- What you should do
Skip the pictures. Output only the lines below starting at the line with "Usina São Manoel's" and ending at the line with "2019年11月18日18:30分在青年", both ends included, exactly as they are.

- Working data
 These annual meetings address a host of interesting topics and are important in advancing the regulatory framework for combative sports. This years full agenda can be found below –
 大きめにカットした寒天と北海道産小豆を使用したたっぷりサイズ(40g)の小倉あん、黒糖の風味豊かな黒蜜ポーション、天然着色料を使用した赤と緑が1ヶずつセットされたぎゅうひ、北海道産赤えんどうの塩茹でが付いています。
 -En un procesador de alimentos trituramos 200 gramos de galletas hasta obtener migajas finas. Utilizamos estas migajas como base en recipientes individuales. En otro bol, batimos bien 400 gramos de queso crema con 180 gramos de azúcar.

--

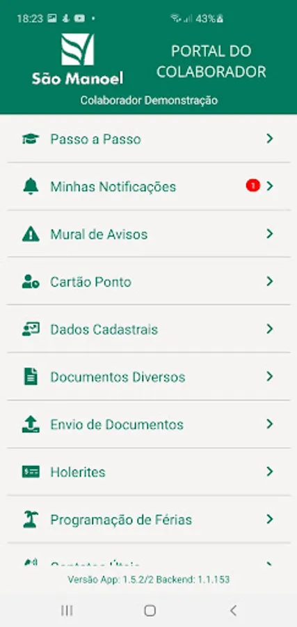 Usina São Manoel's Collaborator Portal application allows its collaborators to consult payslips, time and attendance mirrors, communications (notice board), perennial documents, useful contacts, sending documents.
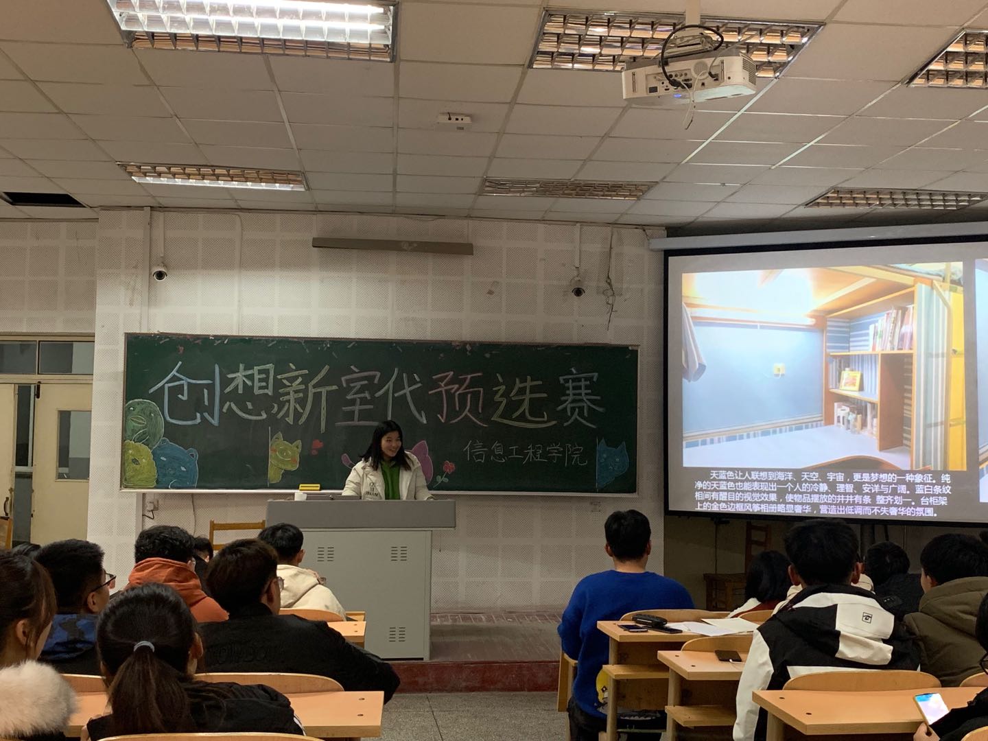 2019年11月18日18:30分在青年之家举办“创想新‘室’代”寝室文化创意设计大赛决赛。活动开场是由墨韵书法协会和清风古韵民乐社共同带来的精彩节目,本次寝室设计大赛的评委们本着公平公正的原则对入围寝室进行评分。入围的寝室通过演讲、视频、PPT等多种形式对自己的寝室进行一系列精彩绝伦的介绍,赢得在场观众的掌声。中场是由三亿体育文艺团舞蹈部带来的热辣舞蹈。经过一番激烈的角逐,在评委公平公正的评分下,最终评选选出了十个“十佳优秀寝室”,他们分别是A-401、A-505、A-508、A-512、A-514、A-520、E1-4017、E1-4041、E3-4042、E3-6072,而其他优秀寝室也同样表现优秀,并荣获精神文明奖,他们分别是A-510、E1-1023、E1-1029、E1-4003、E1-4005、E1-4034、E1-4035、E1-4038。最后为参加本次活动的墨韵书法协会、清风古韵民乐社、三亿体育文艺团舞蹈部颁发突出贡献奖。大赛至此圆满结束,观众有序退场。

==

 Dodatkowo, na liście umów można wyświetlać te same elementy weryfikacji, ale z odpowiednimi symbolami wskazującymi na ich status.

- Answer to the problem
 Usina São Manoel's Collaborator Portal application allows its collaborators to consult payslips, time and attendance mirrors, communications (notice board), perennial documents, useful contacts, sending documents.
 2019年11月18日18:30分在青年之家举办“创想新‘室’代”寝室文化创意设计大赛决赛。活动开场是由墨韵书法协会和清风古韵民乐社共同带来的精彩节目,本次寝室设计大赛的评委们本着公平公正的原则对入围寝室进行评分。入围的寝室通过演讲、视频、PPT等多种形式对自己的寝室进行一系列精彩绝伦的介绍,赢得在场观众的掌声。中场是由三亿体育文艺团舞蹈部带来的热辣舞蹈。经过一番激烈的角逐,在评委公平公正的评分下,最终评选选出了十个“十佳优秀寝室”,他们分别是A-401、A-505、A-508、A-512、A-514、A-520、E1-4017、E1-4041、E3-4042、E3-6072,而其他优秀寝室也同样表现优秀,并荣获精神文明奖,他们分别是A-510、E1-1023、E1-1029、E1-4003、E1-4005、E1-4034、E1-4035、E1-4038。最后为参加本次活动的墨韵书法协会、清风古韵民乐社、三亿体育文艺团舞蹈部颁发突出贡献奖。大赛至此圆满结束,观众有序退场。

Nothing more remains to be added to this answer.